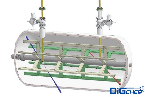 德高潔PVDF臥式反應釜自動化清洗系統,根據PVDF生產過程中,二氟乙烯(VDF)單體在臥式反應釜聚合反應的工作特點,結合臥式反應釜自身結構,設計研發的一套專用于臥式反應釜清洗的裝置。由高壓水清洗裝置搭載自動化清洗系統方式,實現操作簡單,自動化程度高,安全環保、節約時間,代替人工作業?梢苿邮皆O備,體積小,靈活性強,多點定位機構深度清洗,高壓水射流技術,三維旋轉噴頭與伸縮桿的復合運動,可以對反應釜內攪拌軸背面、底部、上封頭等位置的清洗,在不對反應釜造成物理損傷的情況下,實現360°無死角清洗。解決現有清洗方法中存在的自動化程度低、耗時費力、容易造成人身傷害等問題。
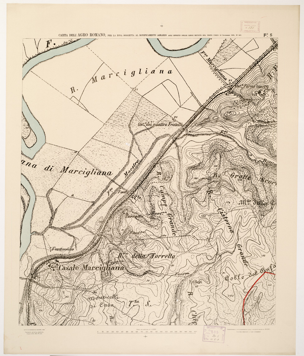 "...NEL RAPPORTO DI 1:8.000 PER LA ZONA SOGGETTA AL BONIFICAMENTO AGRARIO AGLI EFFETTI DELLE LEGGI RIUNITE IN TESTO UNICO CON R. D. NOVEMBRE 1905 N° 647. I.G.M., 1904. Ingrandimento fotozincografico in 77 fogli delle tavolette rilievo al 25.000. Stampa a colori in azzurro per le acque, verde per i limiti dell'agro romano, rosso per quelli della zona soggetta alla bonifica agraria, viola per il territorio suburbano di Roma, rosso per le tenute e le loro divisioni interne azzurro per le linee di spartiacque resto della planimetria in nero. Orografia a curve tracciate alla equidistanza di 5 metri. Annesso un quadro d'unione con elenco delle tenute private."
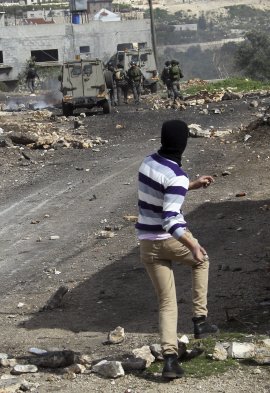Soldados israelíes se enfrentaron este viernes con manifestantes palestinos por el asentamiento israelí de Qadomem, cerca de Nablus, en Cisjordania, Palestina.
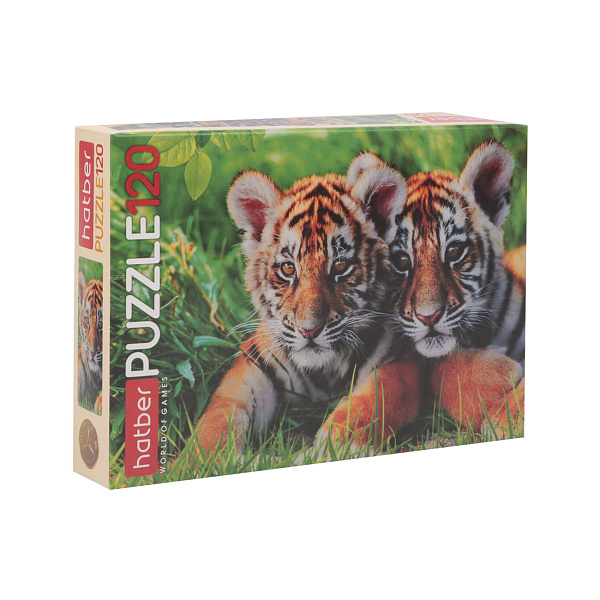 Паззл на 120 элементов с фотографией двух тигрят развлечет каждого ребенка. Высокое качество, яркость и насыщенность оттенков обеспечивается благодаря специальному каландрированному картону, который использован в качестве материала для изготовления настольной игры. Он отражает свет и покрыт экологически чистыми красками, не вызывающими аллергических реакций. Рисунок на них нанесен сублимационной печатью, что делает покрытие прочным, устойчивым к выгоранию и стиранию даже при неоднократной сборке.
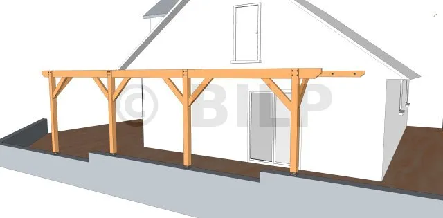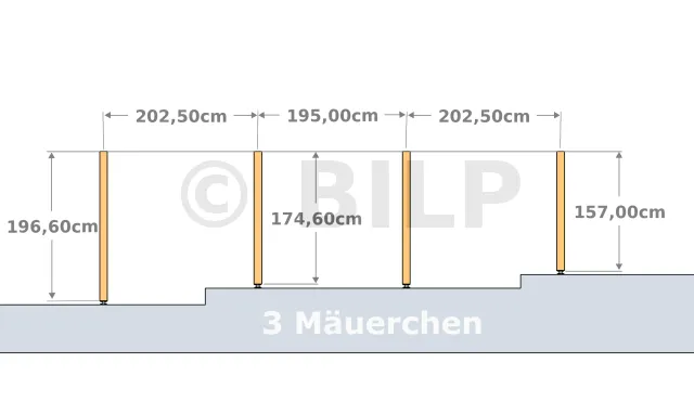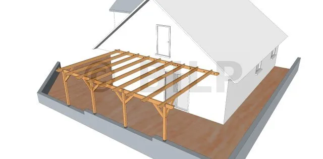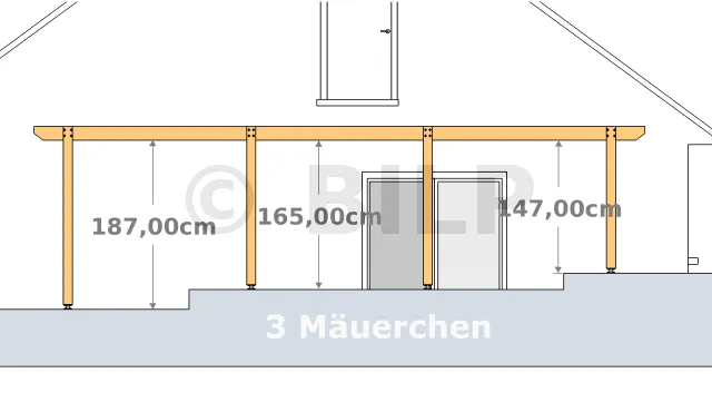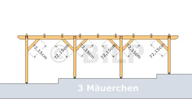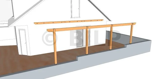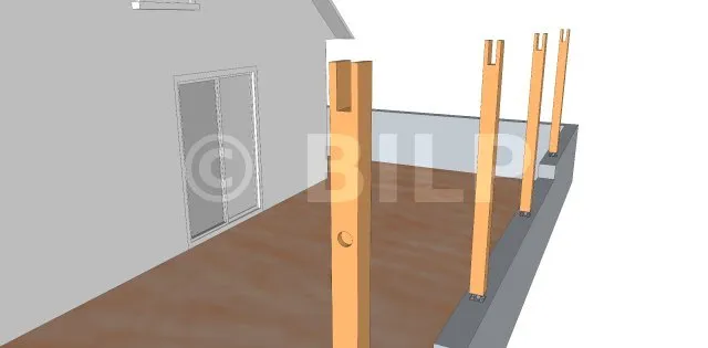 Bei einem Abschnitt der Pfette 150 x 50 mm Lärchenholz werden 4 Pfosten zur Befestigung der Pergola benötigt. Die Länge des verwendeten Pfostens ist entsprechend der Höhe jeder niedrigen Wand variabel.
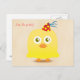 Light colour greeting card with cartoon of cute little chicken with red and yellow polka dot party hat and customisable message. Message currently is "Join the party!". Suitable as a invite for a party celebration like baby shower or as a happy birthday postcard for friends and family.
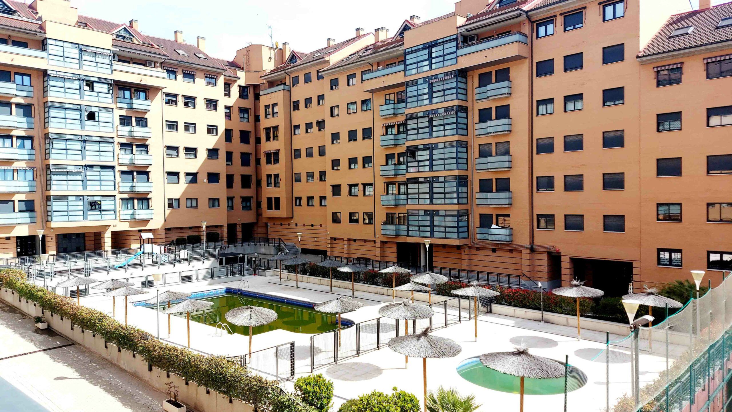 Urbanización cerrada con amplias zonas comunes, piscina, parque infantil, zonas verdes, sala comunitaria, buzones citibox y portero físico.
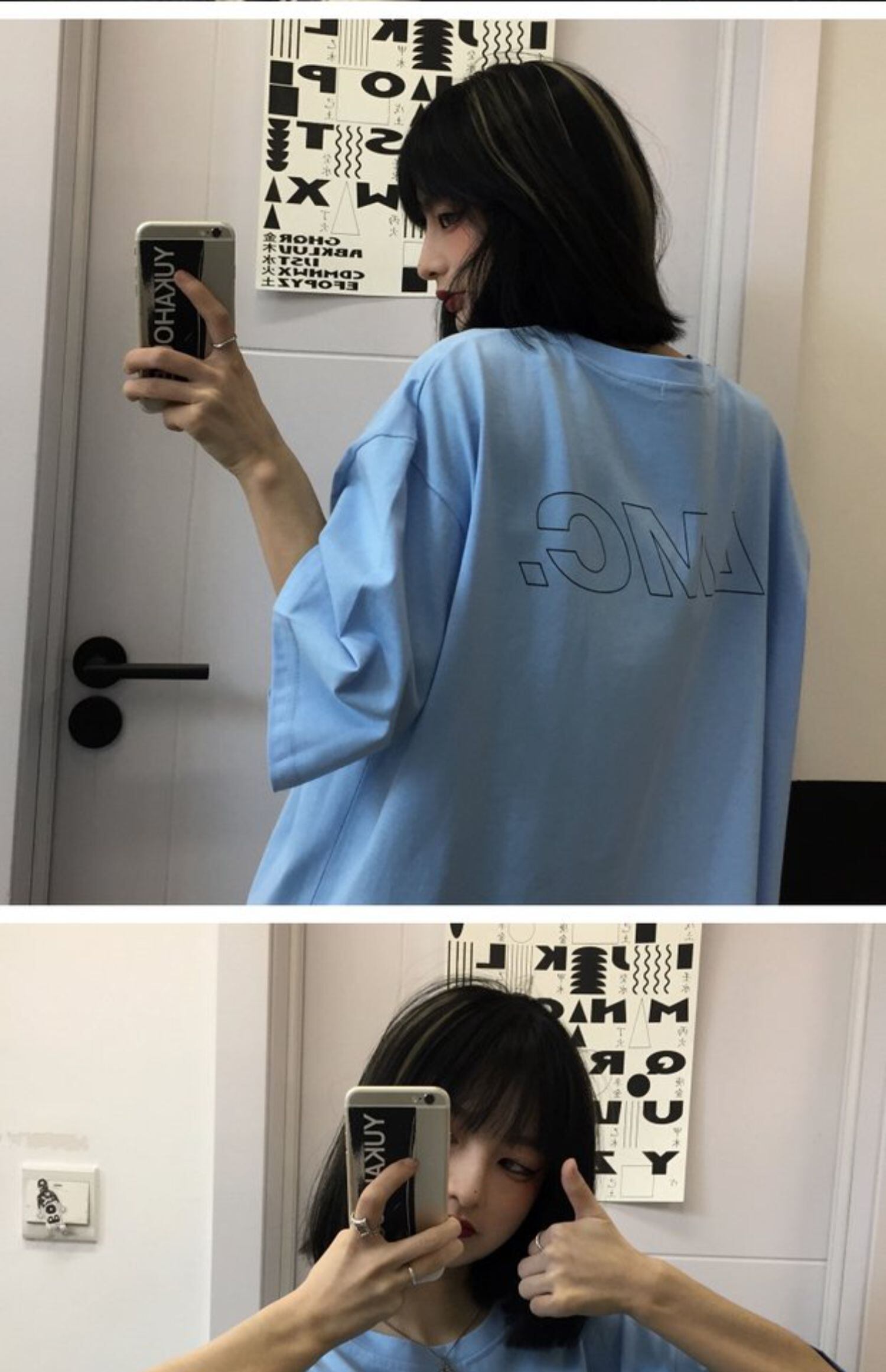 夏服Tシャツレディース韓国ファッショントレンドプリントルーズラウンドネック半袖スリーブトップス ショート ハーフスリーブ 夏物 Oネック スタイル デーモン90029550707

______

Beginning with the line holding "Urbanización cerrada con", copy each line exactly through the end of the records above, and leave every picture out.

* **SOLUTION TO THIS PROBLEM**
 Urbanización cerrada con amplias zonas comunes, piscina, parque infantil, zonas verdes, sala comunitaria, buzones citibox y portero físico.
 夏服Tシャツレディース韓国ファッショントレンドプリントルーズラウンドネック半袖スリーブトップス ショート ハーフスリーブ 夏物 Oネック スタイル デーモン90029550707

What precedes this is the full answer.